The OFC is located along the ventral aspect of the prefrontal cortex and is a primary node in executive function networks with strong connections to the medial prefrontal cortex, dorsal striatum, amygdala, and brainstem⁶. Integrating sensory information and reward-related stimuli for the purpose of evaluating choices is a particularly critical role of the OFC⁶. Accordingly, the OFC has been implicated in the pathophysiology of addictive behavior/AUD, including the regulation of urges, compulsions, and reward decision-making processes⁶. Addictive drugs initially target the mesolimbic system and evoke strong dopamine transients in the nucleus accumbens; however, in individuals where compulsion emerges, excitatory projections from the OFC to the dorsal striatum become potentiated⁷ and this affects both the direct and indirect pathways within the basal ganglia⁸. Based on these findings, depotentiation of excitatory afferents, or as in the case of a focal lesion, a loss of function would be beneficial for addictive behavior remission.

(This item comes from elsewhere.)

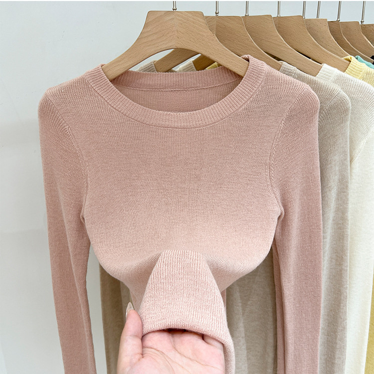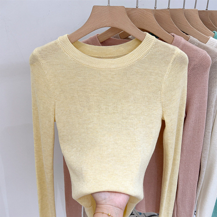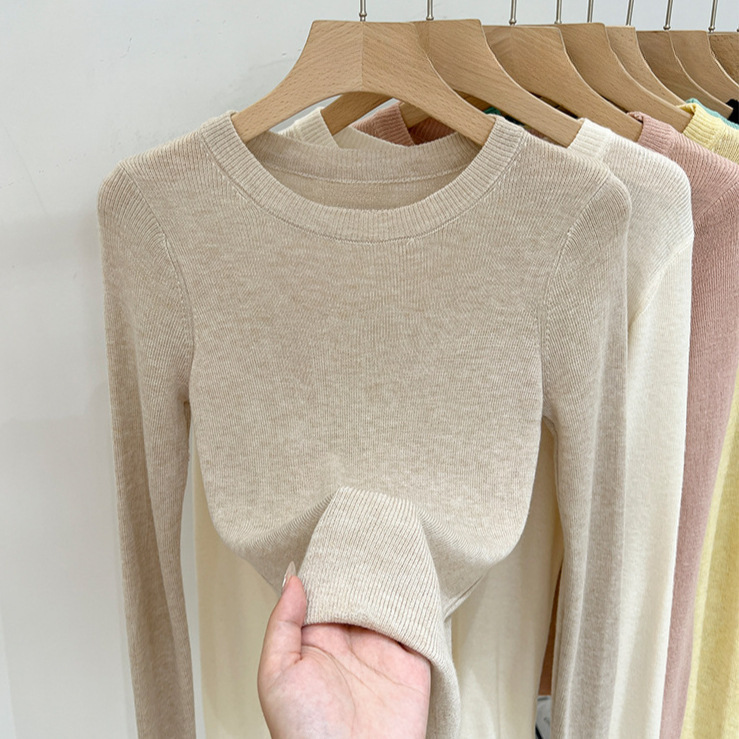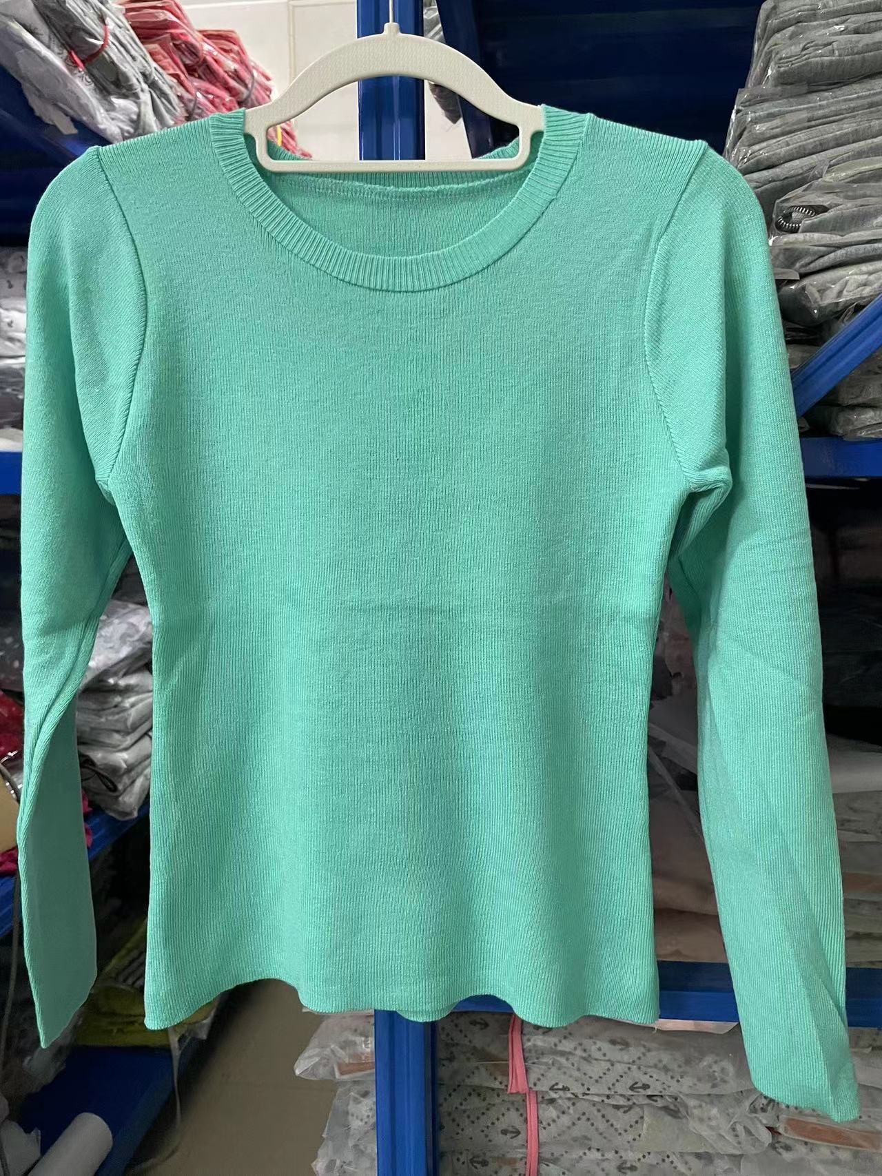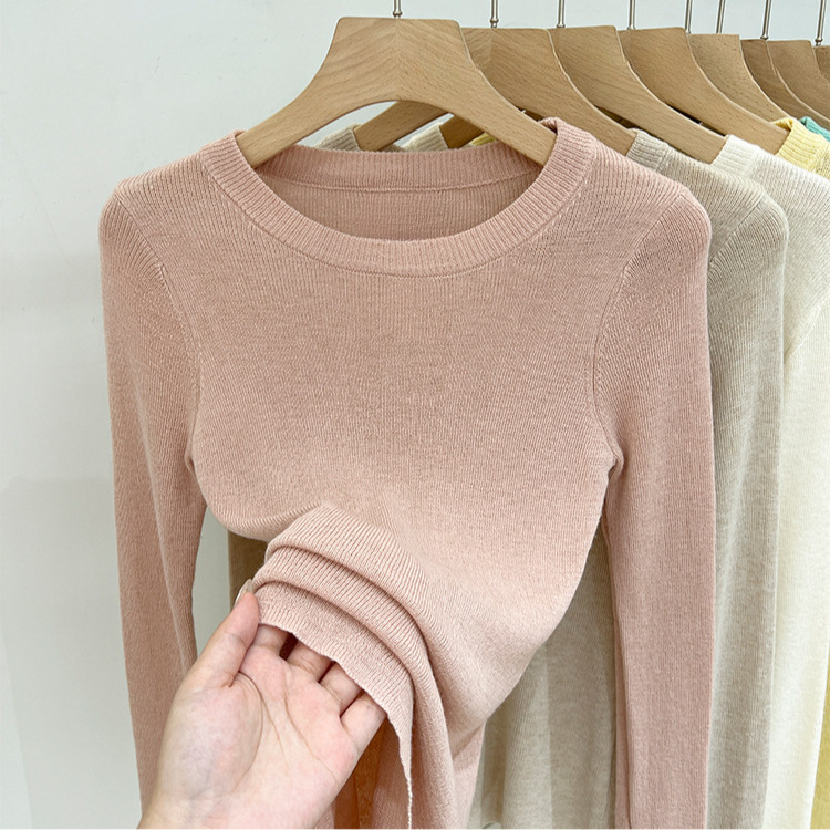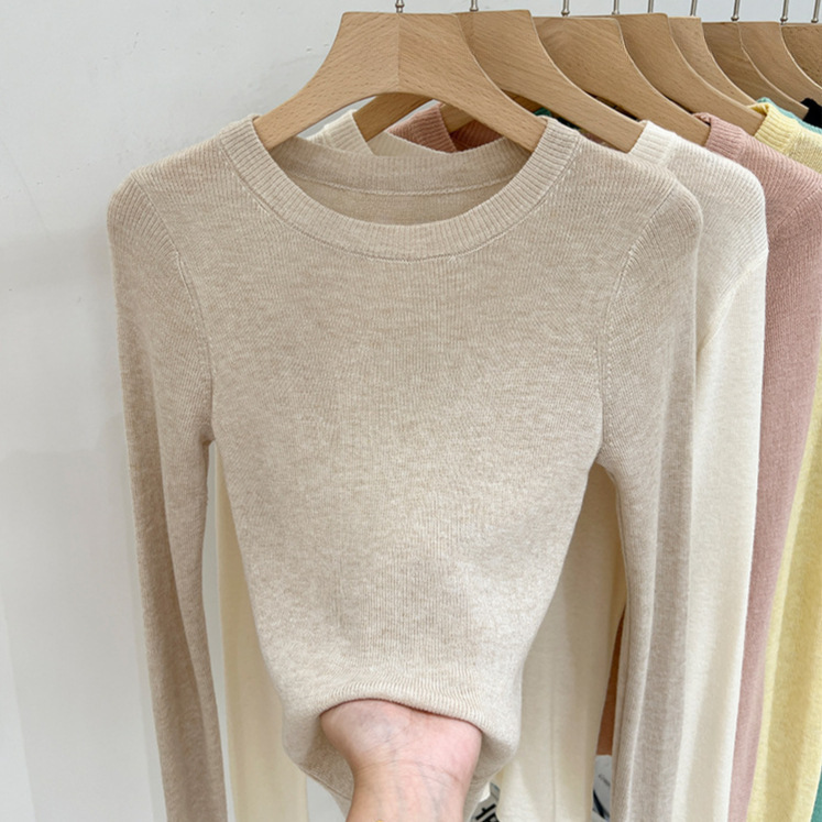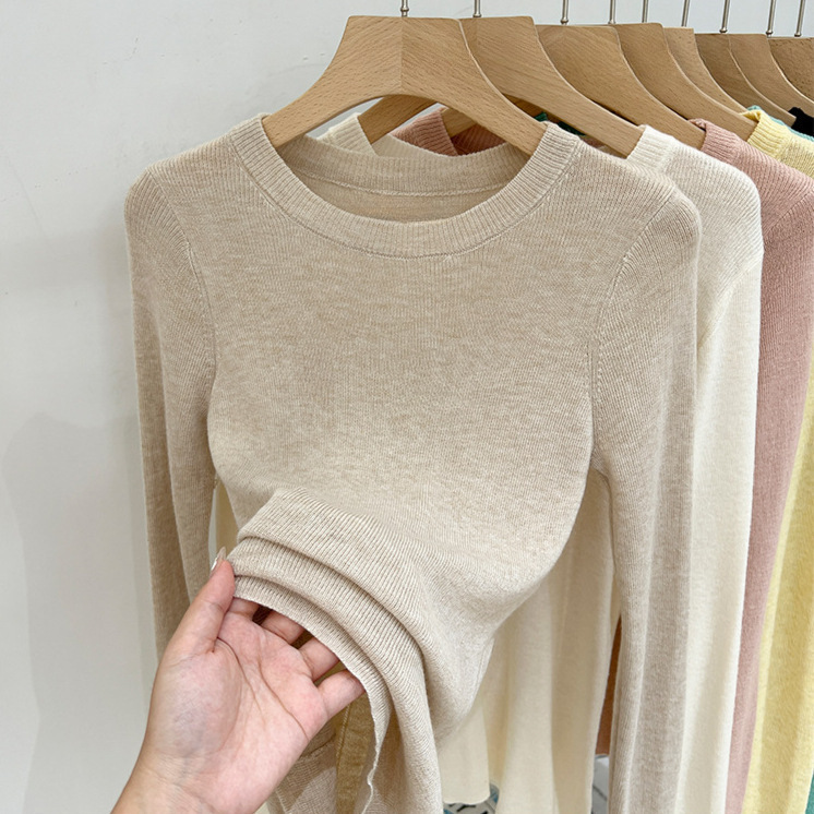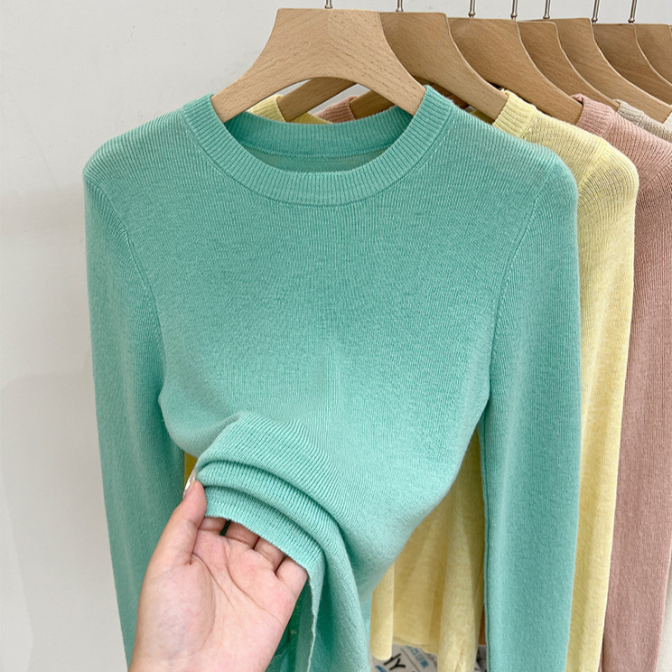 그린 긴팔 니트 티셔츠 여성 여름 상의 2026년 신상 심플하고 다용도로 활용 가능한 여성용 얇은 기본 티셔츠스토어 가기
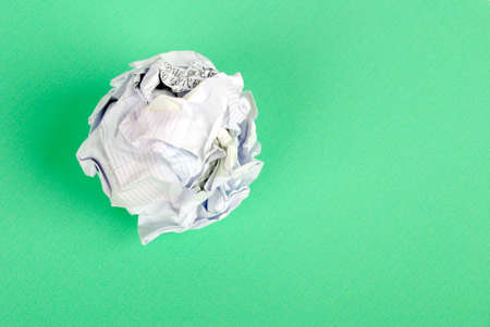 crumpled balls of paper on a green background, top view. Concept of finding innovative ideas, right solutions. Elimination of errors, unification around an idea, top view

The intersection of TBI and AUD is complex and given that this is a case report, we were unable to control for other variables that could be relevant to our patient’s remission. This may include cognitive factors related to realization that alcohol consumption/intoxication may have contributed to the TBI, physical barriers such as injury preventing ability to acquire and consume alcohol post TBI or, social factors including financial constraints in accessing alcohol⁹. The latter two variables were not relevant in our case. Other factors, such as less social interaction or reduced exposure to triggers for alcohol use in the context of recovery from TBI, could have been potential contributors to remission. Her persistent anosmia and ageusia post TBI could have also been a factor impacting her reduced alcohol consumption, but she did not directly cite this as playing a role¹⁰. The role of psychiatric symptoms, which often intersect with alcohol consumption, potentially influenced this patient’s alcohol use. It is possible that improvement in symptoms of depression and PTSD could have contributed to this patient’s remission. However, this is not known in our case. It is not uncommon that in the immediate period after a moderate-to-severe TBI, patients with a prior history of AUD reduce their alcohol intake; however, alcohol intake can then subsequently increase with time post TBI⁹. Another limitation is that potential post-TBI diffuse axonal injury (DAI) and microstructural changes may be present and not be directly observable with standard clinical neuroimaging. It is also important to consider that the OFC injury may have interacted with networks involved in affective dysregulation, and indirectly impacted alcohol use through reduced psychiatric symptom burden. Advanced neuroimaging in research settings suggests that DAI may disrupt large-scale connectivity networks including the default mode and salience networks¹¹ relevant to addictive behavior. Given the limitations in quantifying the presence/extent of DAI and/or diffuse functional network changes in clinical practice, we need to consider TBI as a mechanism generating an isolated focal lesion(s) cautiously.